> [Exercise brief]: Look through the records below for the line with "Схожесть 100%, не" and the line with "Naklejka premium Elegant", then return those lines and all lines between, exactly.

> [Task material]:
-.-.-

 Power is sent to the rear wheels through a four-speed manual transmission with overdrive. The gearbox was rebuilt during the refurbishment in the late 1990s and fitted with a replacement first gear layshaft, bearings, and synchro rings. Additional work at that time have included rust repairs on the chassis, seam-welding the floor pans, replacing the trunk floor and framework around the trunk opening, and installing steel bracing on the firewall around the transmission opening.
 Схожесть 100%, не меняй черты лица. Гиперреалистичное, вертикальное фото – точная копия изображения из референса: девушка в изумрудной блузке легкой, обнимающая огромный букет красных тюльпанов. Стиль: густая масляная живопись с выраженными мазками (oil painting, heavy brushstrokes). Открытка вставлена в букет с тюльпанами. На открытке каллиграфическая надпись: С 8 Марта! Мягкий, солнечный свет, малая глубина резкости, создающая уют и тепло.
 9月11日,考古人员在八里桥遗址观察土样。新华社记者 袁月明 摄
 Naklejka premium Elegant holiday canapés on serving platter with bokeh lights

-.-.-

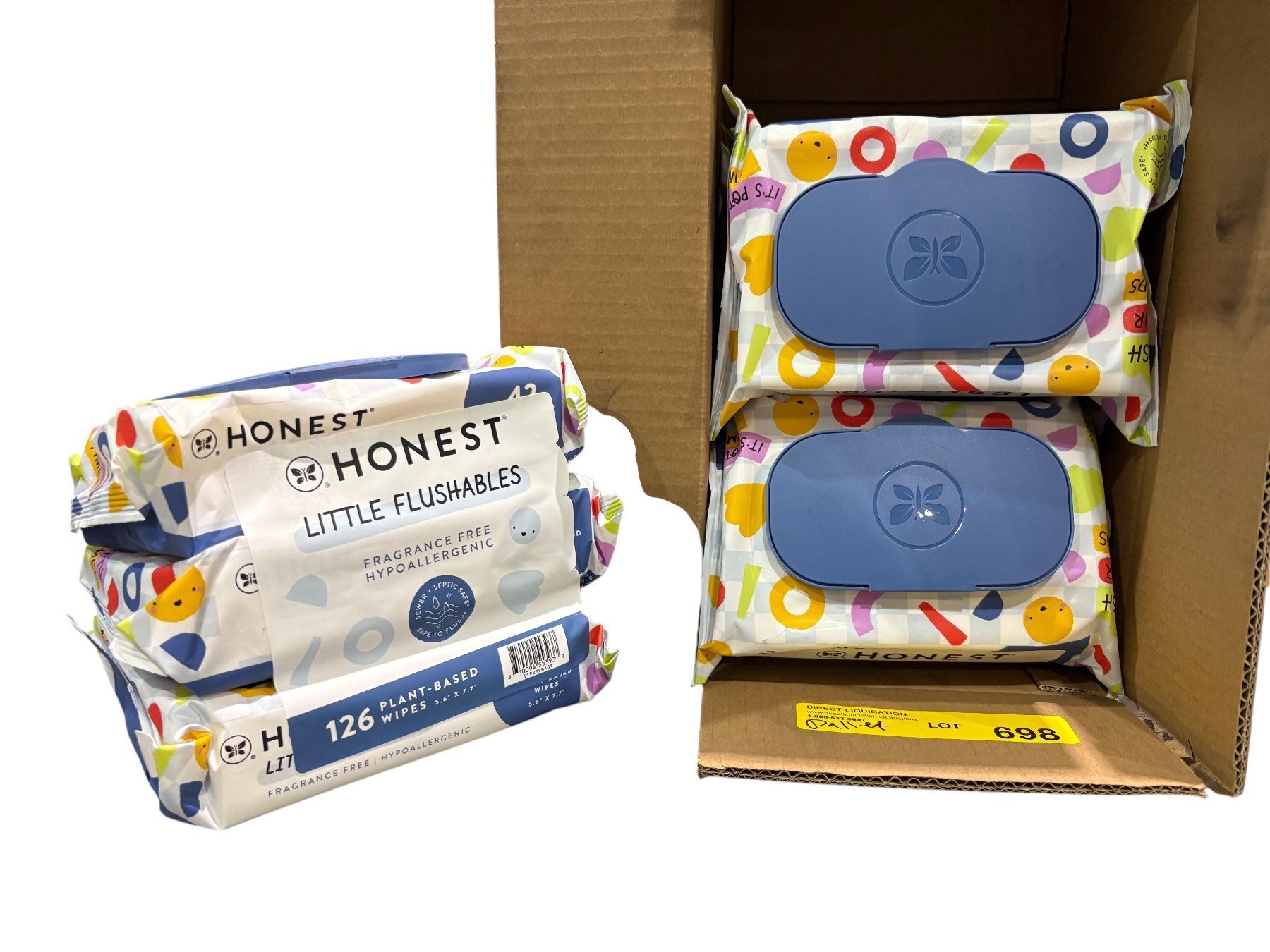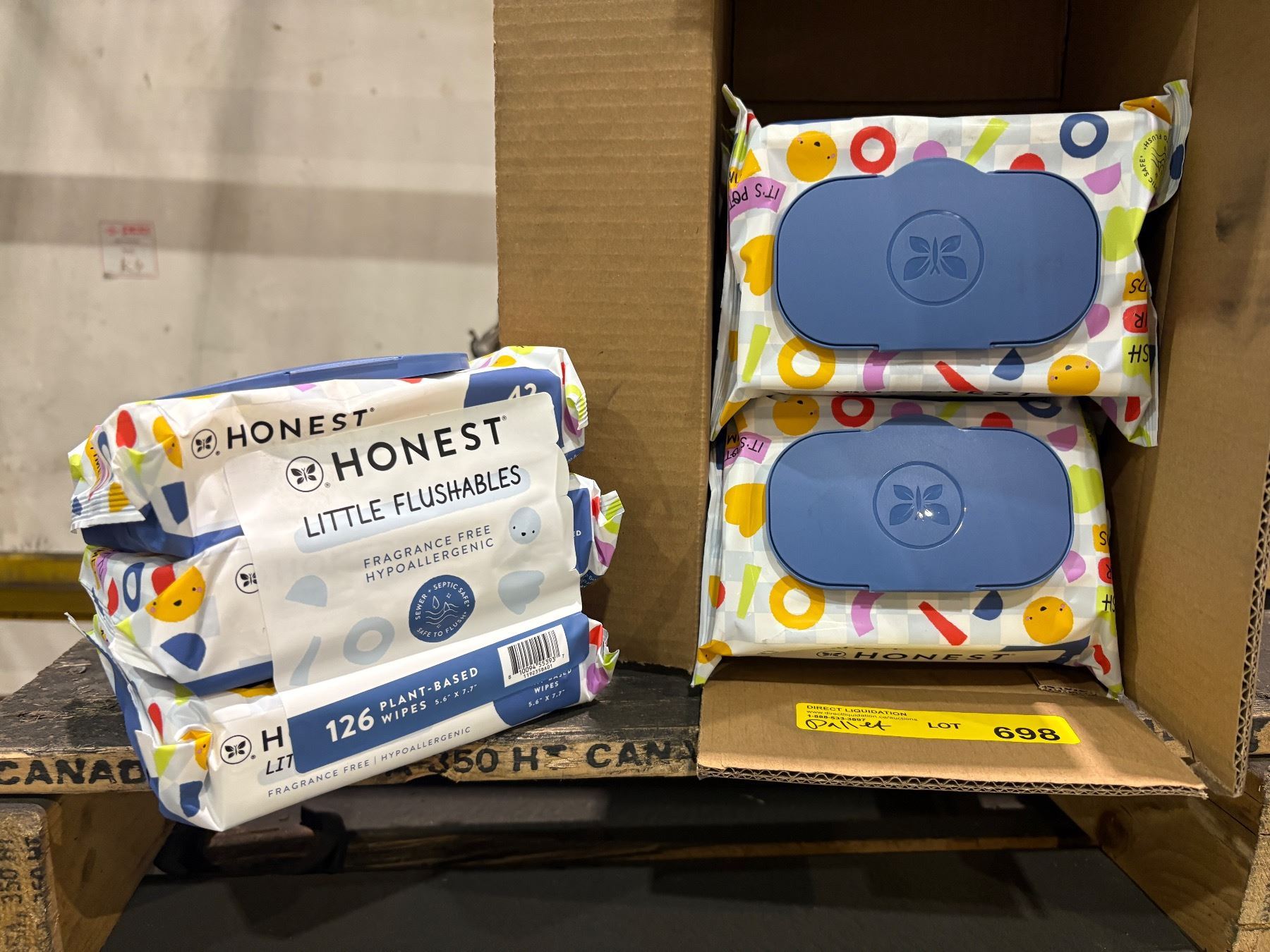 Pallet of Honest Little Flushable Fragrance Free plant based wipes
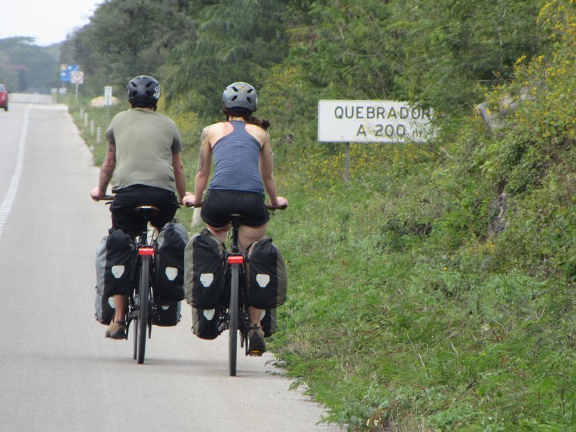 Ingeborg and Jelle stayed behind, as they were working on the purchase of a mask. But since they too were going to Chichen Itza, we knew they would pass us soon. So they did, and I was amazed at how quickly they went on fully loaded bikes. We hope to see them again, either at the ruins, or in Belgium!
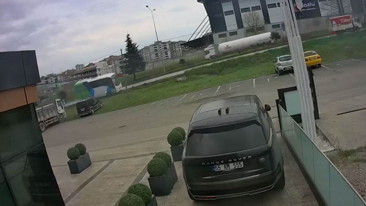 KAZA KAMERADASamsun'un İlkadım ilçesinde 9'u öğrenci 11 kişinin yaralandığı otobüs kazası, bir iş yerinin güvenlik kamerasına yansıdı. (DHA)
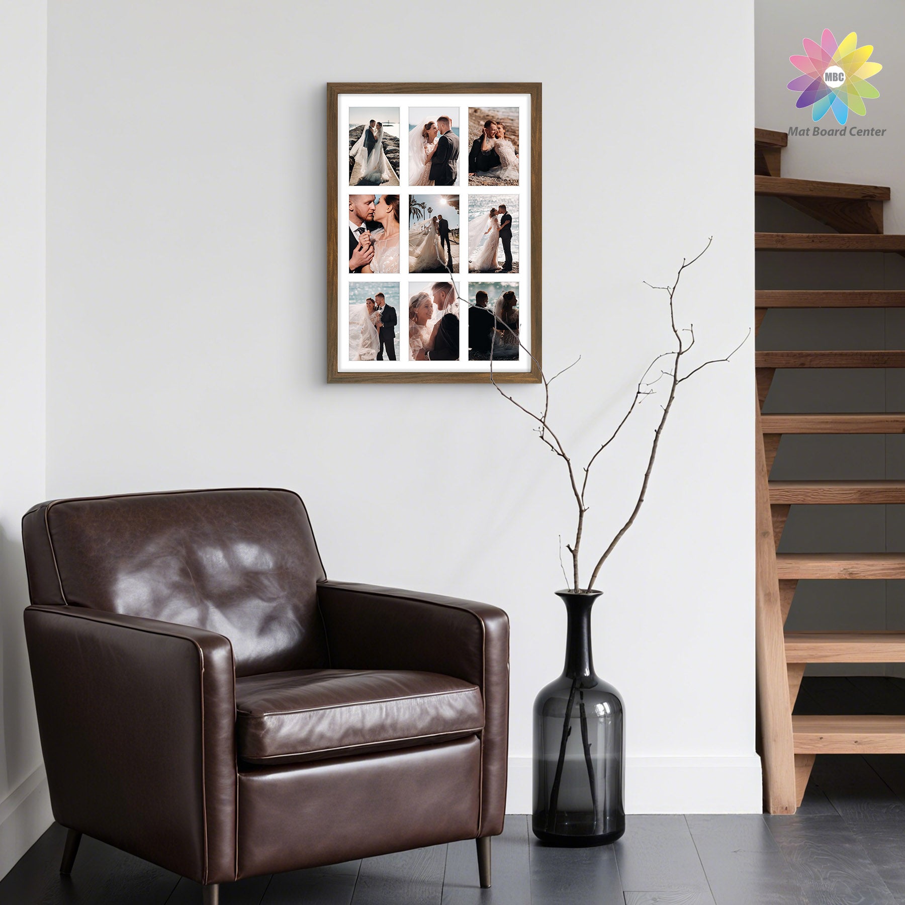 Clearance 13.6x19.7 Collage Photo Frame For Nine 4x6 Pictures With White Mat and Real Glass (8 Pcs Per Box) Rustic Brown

-.-.-

> [Output of the exercise]:
 Схожесть 100%, не меняй черты лица. Гиперреалистичное, вертикальное фото – точная копия изображения из референса: девушка в изумрудной блузке легкой, обнимающая огромный букет красных тюльпанов. Стиль: густая масляная живопись с выраженными мазками (oil painting, heavy brushstrokes). Открытка вставлена в букет с тюльпанами. На открытке каллиграфическая надпись: С 8 Марта! Мягкий, солнечный свет, малая глубина резкости, создающая уют и тепло.
 9月11日,考古人员在八里桥遗址观察土样。新华社记者 袁月明 摄
 Naklejka premium Elegant holiday canapés on serving platter with bokeh lights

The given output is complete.